The radiological signs are also non-specific and can be confused with many infectious, inflammatory and tumor diseases. Most commonly, they are pulmonary nodules surrounded by a peripheral halo or ground glass nodules. Their size varies from 4 to 40 mm. Their distribution is diffuse or predominantly in subpleural areas. Condensations are usually associated with the most severe clinical presentations. Finally, eosinophilic pleurisy, pneumothorax and cavities are rare [7-9].
For liver involvement, our patient had a normal liver size with multiple subcentimetric hypodense nodular lesions. On CT or MR imaging, hepatic lesions are seen as multiple, ill-defined, oval lesions that measure 1.0–1.5 cm in diameter. Sometimes, the lesion may be angular or trapezoidal. On sonography, the lesions appear as multiple, small, oval hypoechoic lesions in the liver parenchyma.
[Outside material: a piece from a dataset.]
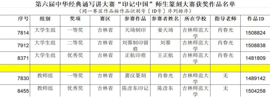第六届中华经典诵写讲大赛“印记中国”师生篆刻大赛获奖作品名单(图片)
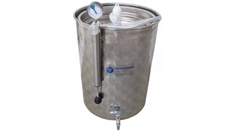 Depósito de acero inoxidable para su uso alimentario (vino, aceite, leche, zumos, atc). Con este tanque de 200 litros de capacidad podrás conservar todas las propiedades de tu producto gracias a su sistema de cierre, que al ajustarse al nivel de llenado evita cualquier contacto con el aire.

The lesions differ from metastatic nodules is as much as they have fuzzy margins, are uniform in size, non-spherical in shape and are best seen on portal venous phase. A migratory character of the lesions can be noted which supports the diagnosis of larva migrans [4,10].
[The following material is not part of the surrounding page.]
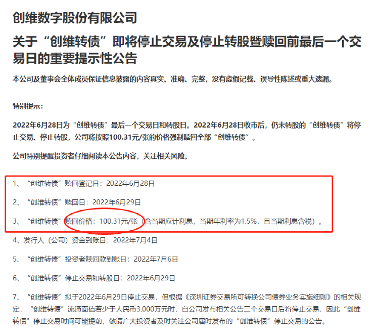 创维数字已连发10次强赎公告提示风险,6月28日最后一个交易日提示。公告称,创维转债的赎回登记日为2022年6月28日,赎回价格为100.31元/张,赎回款发放日和转债摘牌日为2022年6月29日。6月28日收市后,还没有转股的“创维转债”将被全部冻结,并以100.31元/张的价格强制赎回。

Diagnostic confirmation was based on serology using both ELISA and Western blot methods. In fact, several false positives have been reported with the ELISA method. The combination of ELISA and BLOT has shown a better sensitivity and specificity . However, it does not distinguish between asymptomatic carriage and progressive infection. Other diagnostic methods can be used, notably histological studies and molecular biology. The latter allows a more rapid and specific analysis. PCR of toxocariasis is based on several genetic markers, notably the ITS 1 and ITS2 regions of the rDNA .
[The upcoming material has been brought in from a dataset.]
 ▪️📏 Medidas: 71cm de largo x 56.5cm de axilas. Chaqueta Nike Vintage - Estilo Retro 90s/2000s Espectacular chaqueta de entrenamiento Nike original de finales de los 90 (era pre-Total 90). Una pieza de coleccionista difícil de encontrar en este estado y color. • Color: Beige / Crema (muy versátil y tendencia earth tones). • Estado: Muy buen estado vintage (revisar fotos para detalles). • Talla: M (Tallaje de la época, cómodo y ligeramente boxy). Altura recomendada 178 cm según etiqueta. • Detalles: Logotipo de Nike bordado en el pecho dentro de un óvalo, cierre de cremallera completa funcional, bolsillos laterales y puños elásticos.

Recovery can be spontaneous and without sequelae. But in the case of severe infections, treatment is mandatory. Two molecules have shown their effectiveness: albendazole and mebendazole. Albendazole has a better tissue diffusion, hence its wider use. The recommended dose is 400 mg twice a day. A duration of at least one month is recommended in order to avoid relapses .The combination of corticosteroids has been used in several cases, especially with ocular and pulmonary involvement. In our patient, no corticosteroid was used
Toxocariasis is a diagnosis to be considered in many situations. It constitutes, by its different forms, a public health challenge. Its diagnosis is easy and is based on serology and molecular biology, which must be developed in our country. It is curable under well conducted treatment. Preventive measures are also important which are based especially on the rules of hygiene.